Моя приемная мать даже прослезилась от такой великой милости, как она сказала, и непременно пожелала показать Eccellenza все мои царапанья карандашом на разных клочках бумаги, которые она припрятывала, словно эскизы самого Микеланджело. Eccellenza пришлось пересмотреть все, что так радовало ее, и я был очень польщен, так как он улыбнулся, потрепал меня по щеке и сказал, что я маленький Сальваторе Роза.

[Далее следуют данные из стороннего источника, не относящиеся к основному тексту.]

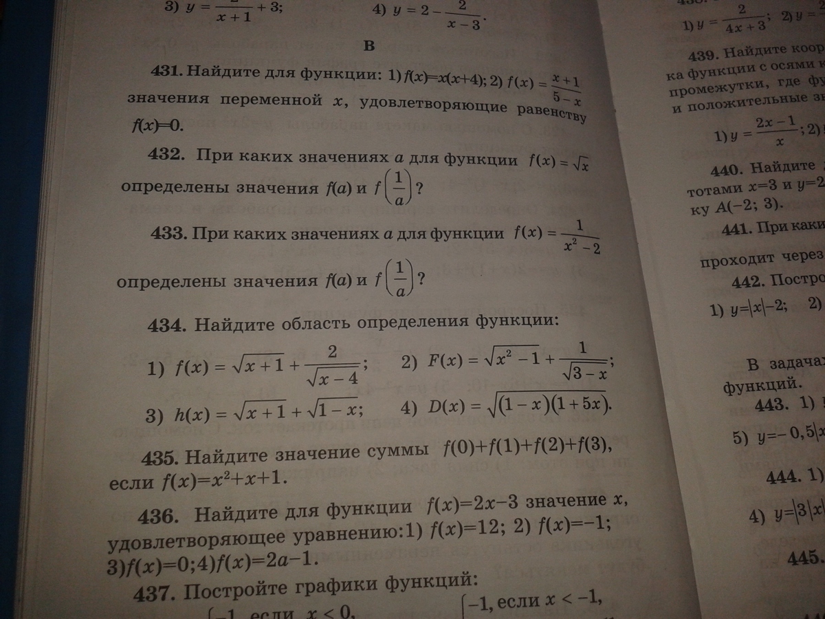 434.1) [-1;4) и (4; +беск.) 2) (-беск.;-1] и [1;3) и (3; +беск.) 3) [-1;1] 4) [-0.2;1]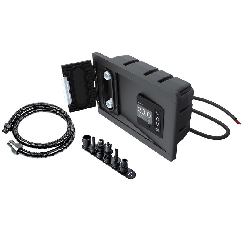 Grâce à sa construction étanche IPX6, le gonfleur résiste aux conditions difficiles des environnements marins. Son design compact et peu profond permet une intégration facile sur presque tous les panneaux à bord. Il est livré avec un tube de gonflage de 2,5 mètres et un kit de raccords-valves universels, prêts à l’emploi.

— Да! — сказала Доменика. — Кто подумает, что это рисовал ребенок? Ведь сразу видно, что он хотел нарисовать! Буйволы, лодки и наш домик! А вот это я! И похожа ведь? Только красок не хватает. Но нельзя же было раскрасить карандашом! А теперь спой! — обратилась она ко мне. — Спой, как умеешь, что-нибудь свое! Да, Eccellenza, он сам слагает целые истории и проповеди, что твой монах! Ну, спой же! Eccellenza господин добрый и хочет послушать тебя, а ты ведь сумеешь взять верный тон!

Незнакомец улыбнулся; ему, видно, забавно было глядеть на нас обоих. Я хорошо помню, что я начал петь и что Доменика пришла от моей импровизации в восторг, но что именно я пел и как — не помню. Одно только ясно удержалось у меня в памяти: в песне моей фигурировали Мадонна, Eccellenza и буйвол. Eccellenza сидел молча, и Доменика истолковала его молчание восхищением.

— Захватите с собою мальчика! — вот все, что он сказал после моей импровизации. — Я буду ждать вас завтра утром! Впрочем, нет! Приходите лучше вечером, так за часок до «Ave Maria»! А когда придете, люди сейчас же доложат о вас, я уж предупрежу их! Но как же я выберусь отсюда? У вас нет другого выхода, через который бы я мог выйти и добраться до моего экипажа, не натыкаясь на буйволов?

— Есть-то есть, — сказала Доменика, — да не для Eccellenza! Мыто можем лазить, но для такого знатного господина эта дорога не годится! Наверху, видите ли, есть дыра, через которую надо выползти и тогда уж попросту спуститься по стене вниз. Это делаю даже я в мои годы! Но я не могу предложить этого гостю, да еще такому знатному господину!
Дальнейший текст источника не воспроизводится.